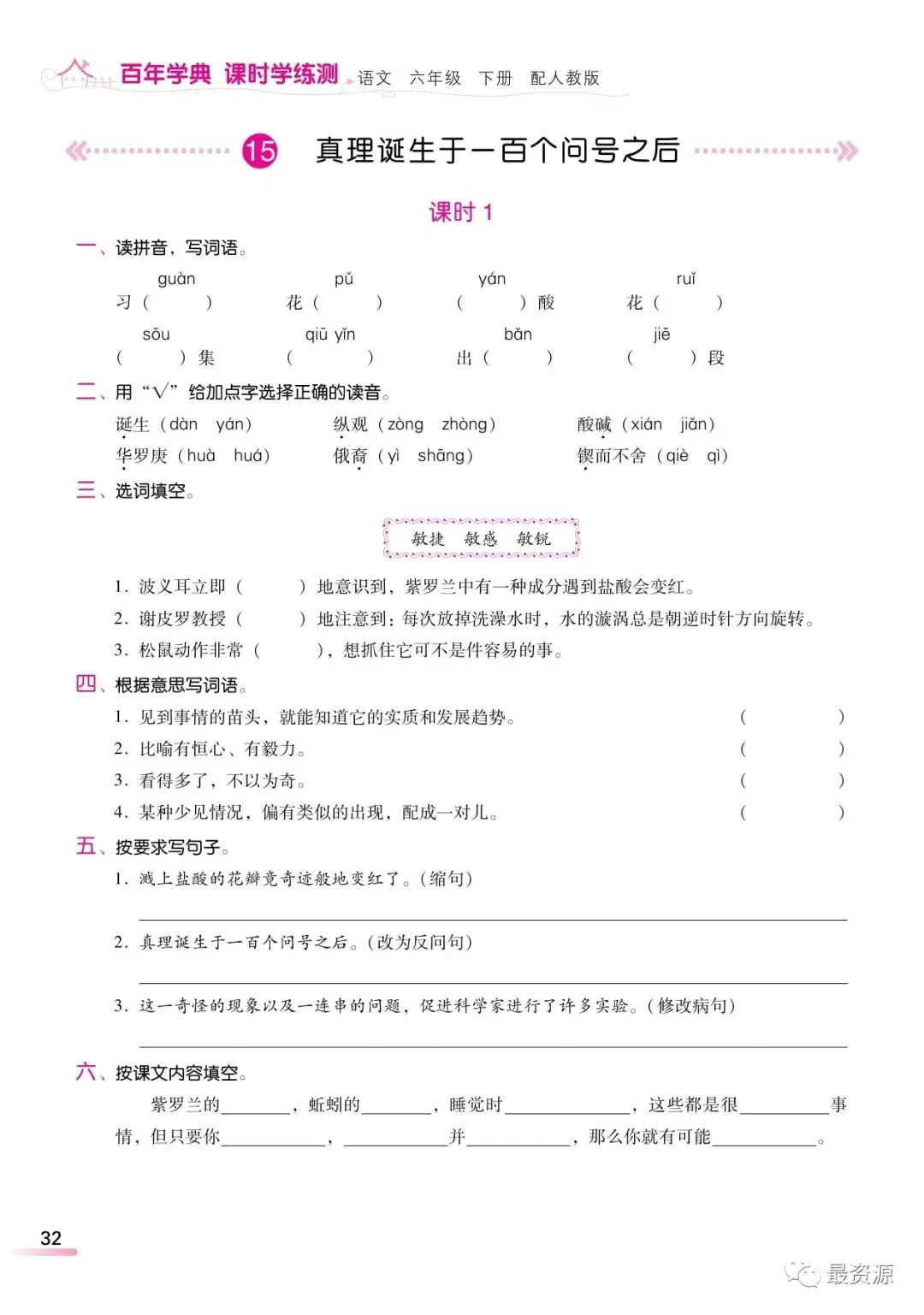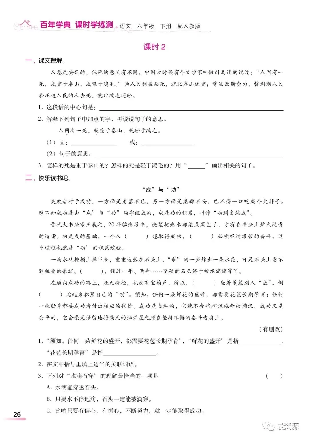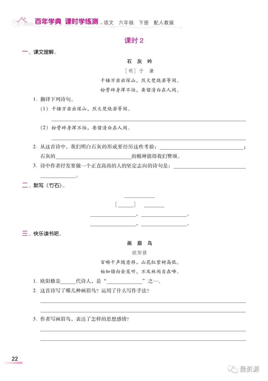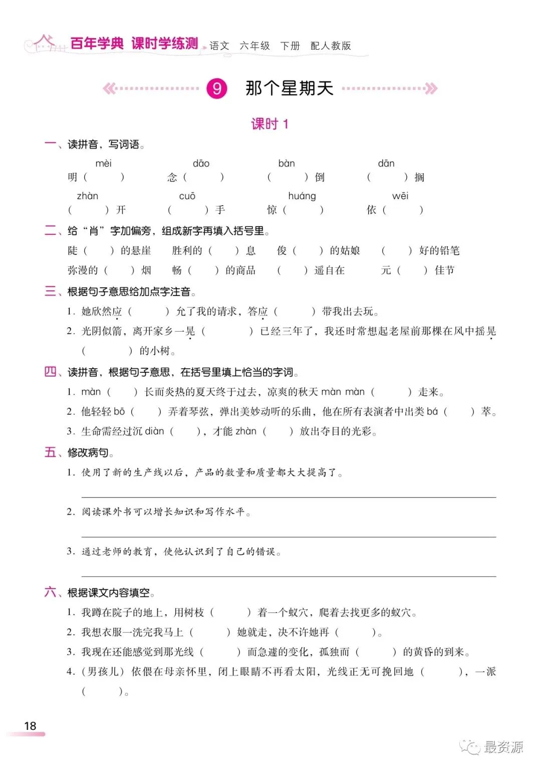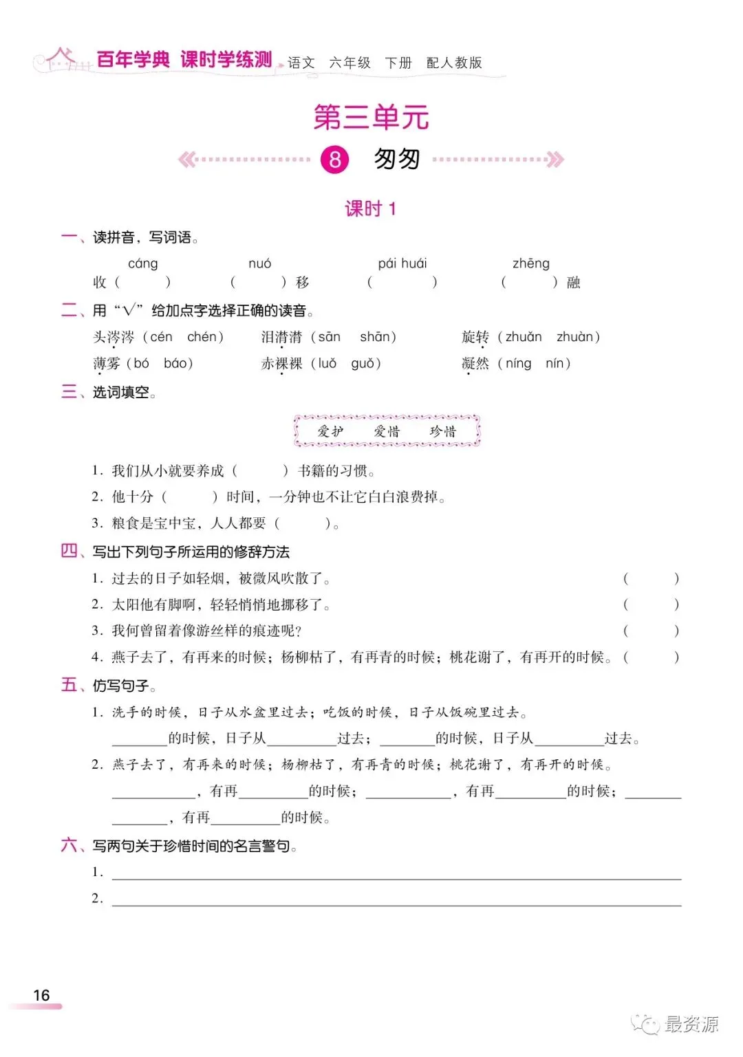 本文最后更新于2026-03-09,某些文章具有时效性,若有错误或已失效,请在下方留言或联系老夜。 统编版语文六年级下册精编《课时练》丨可打印 今天,梅老师给大家分享一份统编版语文六年级下册精编版课时学练测,1-8单元,全册都有了。有需要的家长,可以领取电子版打印给孩子做一做,巩固知识点!(建议老师转发到班级群)领取电子版请拉到文末领取电子版请拉到文末 素材来源于网络,公益分享,如有侵权请联系我们删除。 设梅语文为★星标★公众号,每天阅读好文章,领取优质学习资源。 完整电子版领取方式 ▲长按识别二维码 即可领取电子版下载打印 更多六年级下册语文资料!
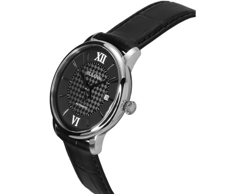 Montre bracelet Bulova Hudson 96B441 pour Homme à Mécanique, avec une boîtier de Acier inoxydable d’un diamètre de 39 mm, avec un cadran Noir et avec un bracelet de Cuir en couleur Noir.
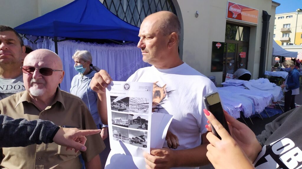 – Jesteśmy w posiadaniu pisma od Ogólnopolskiej Federacji Przedsiębiorców od której chcieliśmy się w całości odciąć. Nie znamy tych ludzi, podszyli się pod naszą organizację, gdzie protestujemy tu od kilku miesięcy, a oni bezczelnie napisali pismo i podpisał się pod nim Prezes Zarządu, Jerzy Romański. Nikt, nigdy tego człowieka nie widział tu na hali, nikt nigdy z nim nie rozmawiał o tej sprawie, a napisał pismo do pana prezydenta i do radnych miasta Piotrkowa oczerniające nas i żądając natychmiastowego przeniesienia targowiska na teren „Ptaka”, a to jest właśnie w interesie tylko pana Ptaka. Pan Romański jest jakby jego przedstawicielem. Podszył się również pod nas pan Robert Stępiński, który sam się mianował, sam się wybrał i ogłosił, że jest prezesem kupców z Piotrkowa Trybunalskiego. Nikt z nas, nigdy tego człowieka nie wybierał. Założył sobie jakąś stronę internetową i cały czas uważa się za naszego prezesa. Chcielibyśmy, żeby się ten pan od nas odciął. W momencie gdy protestowaliśmy to poprosiliśmy go żeby nam pomógł to stchórzył, uciekł i stwierdził, że to nie jest jego interes. Tak zachowuje się pan Stępiński – mówił podczas spotkania z dziennikarzami Tomasz Kowalewski, lider protestujących kupców.

What to work on
The expected output is every line of the data, unchanged, with the pictures skipped.

Result
 本文最后更新于2026-03-09,某些文章具有时效性,若有错误或已失效,请在下方留言或联系老夜。 统编版语文六年级下册精编《课时练》丨可打印 今天,梅老师给大家分享一份统编版语文六年级下册精编版课时学练测,1-8单元,全册都有了。有需要的家长,可以领取电子版打印给孩子做一做,巩固知识点!(建议老师转发到班级群)领取电子版请拉到文末领取电子版请拉到文末 素材来源于网络,公益分享,如有侵权请联系我们删除。 设梅语文为★星标★公众号,每天阅读好文章,领取优质学习资源。 完整电子版领取方式 ▲长按识别二维码 即可领取电子版下载打印 更多六年级下册语文资料!
 Montre bracelet Bulova Hudson 96B441 pour Homme à Mécanique, avec une boîtier de Acier inoxydable d’un diamètre de 39 mm, avec un cadran Noir et avec un bracelet de Cuir en couleur Noir.
 – Jesteśmy w posiadaniu pisma od Ogólnopolskiej Federacji Przedsiębiorców od której chcieliśmy się w całości odciąć. Nie znamy tych ludzi, podszyli się pod naszą organizację, gdzie protestujemy tu od kilku miesięcy, a oni bezczelnie napisali pismo i podpisał się pod nim Prezes Zarządu, Jerzy Romański. Nikt, nigdy tego człowieka nie widział tu na hali, nikt nigdy z nim nie rozmawiał o tej sprawie, a napisał pismo do pana prezydenta i do radnych miasta Piotrkowa oczerniające nas i żądając natychmiastowego przeniesienia targowiska na teren „Ptaka”, a to jest właśnie w interesie tylko pana Ptaka. Pan Romański jest jakby jego przedstawicielem. Podszył się również pod nas pan Robert Stępiński, który sam się mianował, sam się wybrał i ogłosił, że jest prezesem kupców z Piotrkowa Trybunalskiego. Nikt z nas, nigdy tego człowieka nie wybierał. Założył sobie jakąś stronę internetową i cały czas uważa się za naszego prezesa. Chcielibyśmy, żeby się ten pan od nas odciął. W momencie gdy protestowaliśmy to poprosiliśmy go żeby nam pomógł to stchórzył, uciekł i stwierdził, że to nie jest jego interes. Tak zachowuje się pan Stępiński – mówił podczas spotkania z dziennikarzami Tomasz Kowalewski, lider protestujących kupców.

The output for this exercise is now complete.